Я рухнул на колени — еще несколько часов назад это движение стоило бы мне мгновенной вспышки оглушающей боли — трясущимися руками высвободил безвольное тело из объятий мусора и пыли, обмахнул рукавом исполосованной куртки голову. На ее лице застыли черные дорожки рвоты, глаза были широко раскрыты, зрачок не реагировал. На виске чернела засохшей кровью страшная, глубокая впадина. Вокруг кисло пахло болезнью и смертью. Я прижал дрожащими пальцами запястье, положил ладонь на шею, прижался ухом к груди.

Тишина. Угрюмая, могильная, без единого просвета. Пульса не было, грудь не двигалась.

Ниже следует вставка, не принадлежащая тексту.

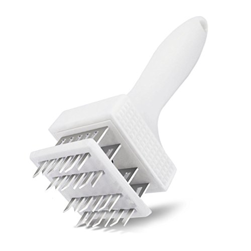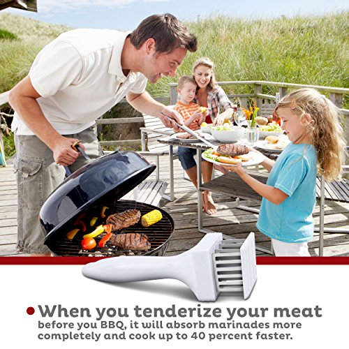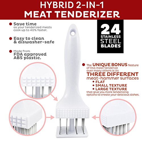 -. Feature : Save money by making less expensive cuts of beef, chicken and pork chops tender and easier to prepare for healthier meals for your family and friends. Order one now, and when you do, why not order two and get one for your best friend too! / Save time when you fry, roast or Barbeque as your favorite seasoning powder, spice, sauce or marinade infuses the treated cuts with flavor faster improving the tenderness even more. There's a link on the back of the package to FREE homemade marinade recipes. See picture six / Save time on any cut of tenderized boneless beef or chicken as it cooks up to 40% faster / Easy to clean and dishwasher safe (upper rack). Made from FDA approved ABS plastic with 24 stainless-steel blades that cut deep, even channels so marinades can soak easily into the cuts you tenderize / This versatile, hand-held, manual multi-blade and hammer hybrid unit has the added feature of three different mallet surfaces to give you more tenderizing options for creating delicious and nutritious dishes for your family and friends- see picture two

После разрушения комплекса, видимо, ее капсула оказалась повреждена не так сильно, как моя, и, точно по инструкции, опустилась на глубину, защищающую от поражения. Капсулы рассчитывались на взрыв атомной бомбы в радиусе километра, и если бы у меня все сработало как надо, то… Но не сработало.

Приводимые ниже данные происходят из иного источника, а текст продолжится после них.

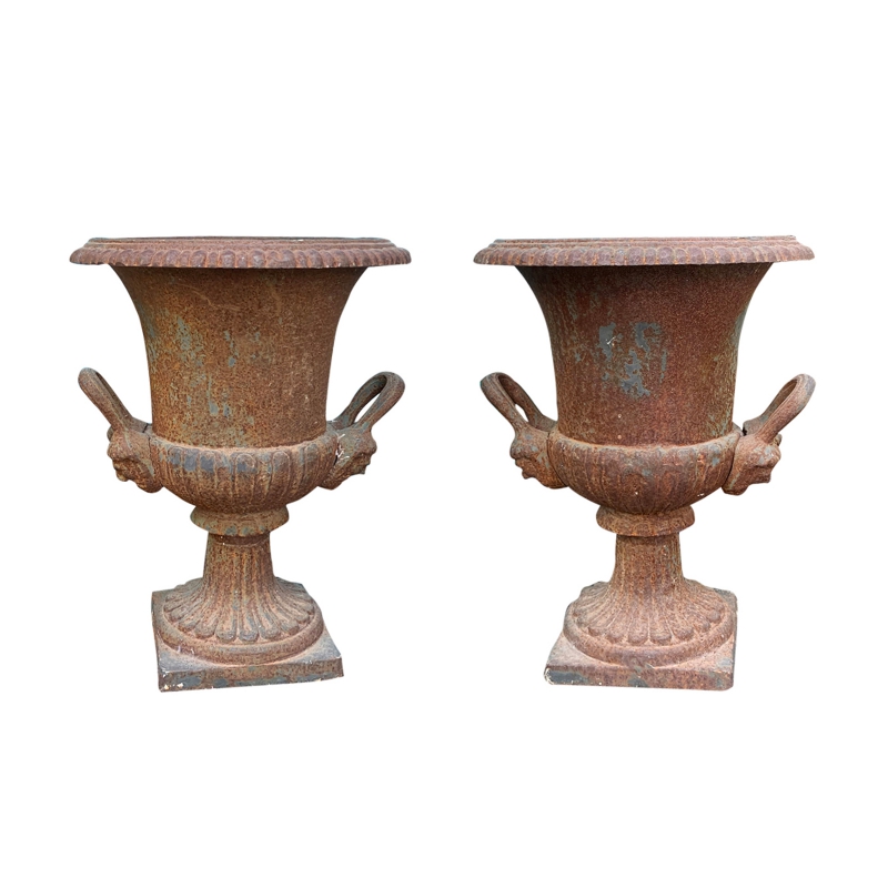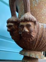 PAIR OF 19thC NEOCLASSICAL IRON URNS W/ HANDLES & BEAUTIFUL FACE DETAIL

Правда, у Алиски тоже что-то пошло не так. Близкий взрыв оружейных погребов, или случайная бетонная плита — она заработала контузию, отсюда и рвота. Но оказалась в состоянии покинуть поврежденную капсулу и выбраться через такое же технологическое отверстие, что и я. Сама, своими ободранными в кровь руками с сорванными ногтями. Вот только тело не выдержало, оно смогло только вынести ее в ближайшую комнату, после чего отключилось. Навсегда. Алиски больше не было.

И я опоздал.

Я так и просидел на грязном полу, с ее телом на руках, уронив голову, зажмурив глаза, в которых за закрытыми веками все так же мигали равнодушные огни аварийного освещения. Я ни о чем не думал, просто сидел, отчаявшись, непослушными, бесчувственными пальцами ероша ее жесткие волосы, водя пальцами по мягким изгибам неподвижного мертвого лица. Наверное, это длилось несколько месяцев, потому что я весь исхудал и высох, как скелет с фотографий заключенных британских концлагерей*, моя одежда истлела, а обрывки мыслей износились и унеслись ветром, как сгоревшая черная бумага.

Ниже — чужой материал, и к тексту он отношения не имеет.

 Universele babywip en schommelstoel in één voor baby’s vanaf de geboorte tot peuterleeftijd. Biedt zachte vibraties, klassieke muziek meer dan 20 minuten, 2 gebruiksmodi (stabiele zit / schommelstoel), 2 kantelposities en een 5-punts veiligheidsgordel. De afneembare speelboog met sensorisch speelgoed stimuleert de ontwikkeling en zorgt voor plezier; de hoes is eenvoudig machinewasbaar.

Не исключено, правда, что прошло всего минут пять-семь. Время, проведенное в боли, очень трудно измерить обычными способами.

А потом я поднял голову, посмотрел в пустоту остановившимся взглядом и сказал:

— Второе желание.

* * *

Лифт и вправду пришел — значит, не соврал одноглазый, и где-то еще работали генераторы, пускай даже и запасные. В этом комплексе их до черта — основные, вспомогательные, резервные, аварийные… вот кто-то из них сейчас и вырабатывал такой нужный мне ток, а старая лебедка, покряхтывая и скрипя, тянула кабину вверх, и медленно опускался мимо кабины сложенный из бетонных блоков противовес. Все работало, хотя и нехотя, через силу, несмотря даже на то, что в кабине, вместо максимальных шести человек, было сейчас всего двое.

Я и Алиса.

Она дышала, медленно и неуверенно, и пока не приходила в сознание, но на бледной кисти, у голубого ручейка вены, прощупывался уверенный пульс. Наверное, не стоило ожидать мгновенного выздоровления, но, после тех долгих, вечных минут, когда я сидел в нетронутой человеческими звуками тишине, это было почти райским наслаждением. Человек в шляпе держал слово.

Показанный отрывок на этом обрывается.